Exch v. Interstate Cas. Co.

Decision Date06 May 1924
Docket NumberNo. 35555.,35555.
Citation198 N.W. 501,197 Iowa 1130
PartiesLOZIER AUTOMOBILE EXCH. v. INTERSTATE CASUALTY CO.
CourtIowa Supreme Court

OPINION TEXT STARTS HERE

Appeal from Municipal Court of Des Moines; J. E. Mershon, Judge.

Action to recover on a policy of indemnity. From a judgment on a verdict for plaintiff, defendant appeals. Affirmed.Dunshee & Brody, of Des Moines, for appellant.

C. S. Missildine, of Des Moines, for appellee.

VERMILION, J.

The parties here and the contract of insurance sued upon are identical with those involved in Lozier Automobile Exchange v. Interstate Casualty Co., 195 N. W. 885. That case is decisive of many of the questions raised here.

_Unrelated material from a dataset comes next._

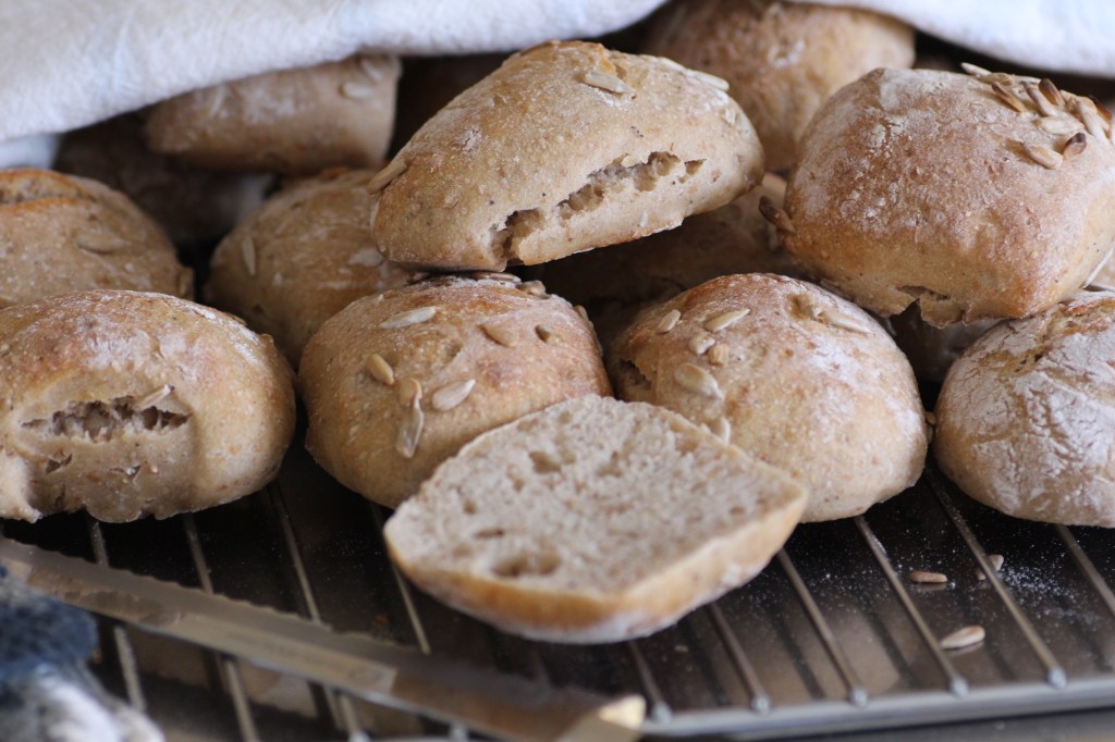 Mitt andra surdegsbak vänner – jättegoda frallor,blev så nöjd!

The plaintiff in this case seeks to recover on the policy of indemnity issued by the defendant to it on account of the alleged wrongful conversion by one Roy Thomas of an automobile sold by plaintiff to him upon a conditional sale contract. At the close of plaintiff's evidence and at the close of all the evidence the defendant moved for a directed verdict in its favor. The motions were overruled, and the jury returned a verdict for the plaintiff for the balance due plaintiff from Thomas on the purchase price of the car with 8 per cent. interest from the date of the sale of the car.

The errors assigned relate in part to the overruling of the motions to direct a verdict.

It is urged there was no evidence that the automobile was wrongfully converted. The contract of purchase is dated February 23, 1920, acknowledges the payment of $100 on the purchase price, and provides that Thomas shall pay $25 on the following day and $50 per month thereafter until all is paid. The evidence shows that he made only one payment of $50 on April 13, 1920. After the latter date plaintiff had some correspondence with Thomas, and on July 12, 1920, a registered letter addressed to him at Battle Creek, Iowa, was returned marked, “Returned to writer unclaimed. Moved. Left no address.” Shortly thereafter the manager of the plaintiff company tried to locate the car through the state license department, but was unable to do so. He then went to Battle Creek, where Thomas had told him he lived and was running a bakery. He went to the bakery and to the house where he was told Thomas had lived and to the garage where he was told he had kept the car. He did not find either Thomas or the car. He found six or seven people who knew Thomas, but none of them knew where he was.

[1][2] While the evidence of a wrongful conversion of the car by Thomas is not strong, it was not contradicted and, we think, presented a question for the jury. Direct and positive evidence of conversion under such circumstances would often be difficult, if not impossible, of production. The claim of plaintiff is, in substance, that Thomas left or absconded, taking the car, or concealing or disposing of it, and thereby deprived plaintiff of its lien. Such an act is not ordinarily done in the presence or with the knowledge of others. The evidence tended to show that Thomas had lived at Battle Creek, but that he could not be reached by mail addressed to him there, and that upon a search neither he nor the car could be found there, and that persons who knew him there did not know where he had gone. These circumstances, in connection with his neglect of his obligation to make payments on the car, were sufficient to sustain a finding that he had converted the car to his own use to plaintiff's loss.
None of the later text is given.